Titans over Patriots – Red is smoking the good stuff this morning fresh in from his favorite Shithole country. How else could he pick the Titans to knock off the reigning champs on a cold Massachusetts day with GOAT TB 12 at the helm? This is coming from the gut and like most things coming from that direction should probably end up in the Shithole. The Titans running attack will be effective enough to keep Brady and Co. off the field. Titans win this one if they control the ball for 37:30 and punt well. The Titans showed that they don’t crumble when down. Yeah, those were the Andy Reid Chiefs and this is a different class, but Red’s team of destiny makes it happen. Tennessee 24 New England 22.
Jaguars over Stealers – Another gamble for Red and possibly more money down the Shithole (are you sensing a trend here?) for anyone taking the Jags. Ben Rotlessburger has at times been very average in the face of excellent defenses and the Jags have just that. Don’t be surprised if Ben doesn’t make it through this entire game. The last time these teams met, BR should have been pulled. This time they may carry him off in a basket. The rest of the league took notice when the Jags kicked ass and took names in dismantling the Stealers 30-9 in Week 5 at Heinz Field. That win gave them the “Sacksonville” moniker as the Jags pressured BR into five interceptions and two sacks. Can they do it again, with a trip to the AFC Championship game on the line – a game that could be played in Florida? Red says Hell yes. Jacksonville 28 Pittsburgh 13.

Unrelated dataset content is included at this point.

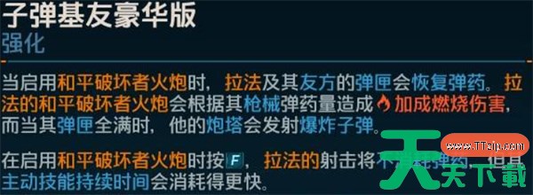 子弹基友豪华版:增加火焰伤害与弹药回复,可换取短时间无限弹药,是终结精英敌人的爆发手段。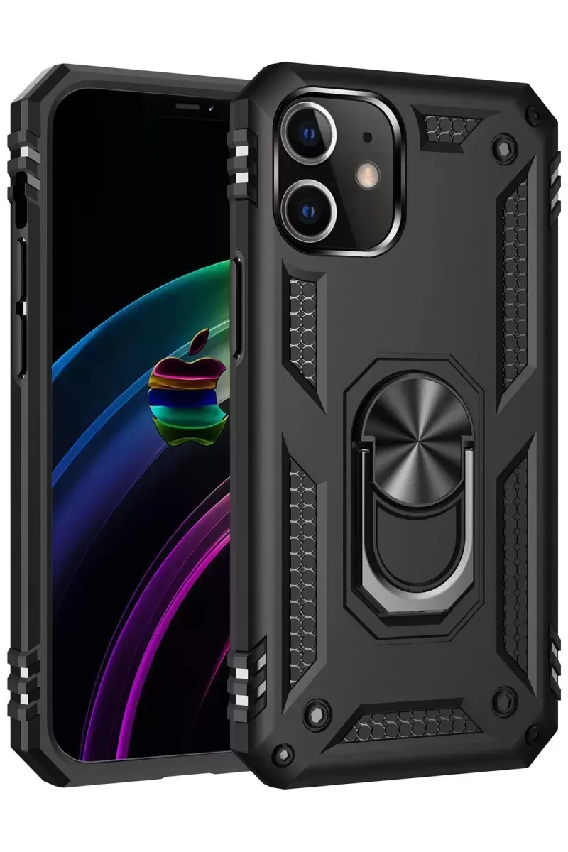 Newface İphone 12 Mini Kılıf Sofya Yüzüklü Silikon Kapak – Siyah

Falcons over Eagles – As much as Red would love to pick the Eagles here, he just doesn’t feel the Foles magic. The Falcons are still on a Mission from God to make up for the utter humiliation of last season’s Superb Owl loss to the hated Pats. And the Eagles season started to circle the Shithole immediately after losing Carson Wentz – who still should win MVP because he was the most valuable player to any team this season. With Wentz under center the Eagles dispatch the Falcons with ease, but that will have to wait for another year. So it is with great reluctance that Red says – Atlanta 29 Philadelphia 12.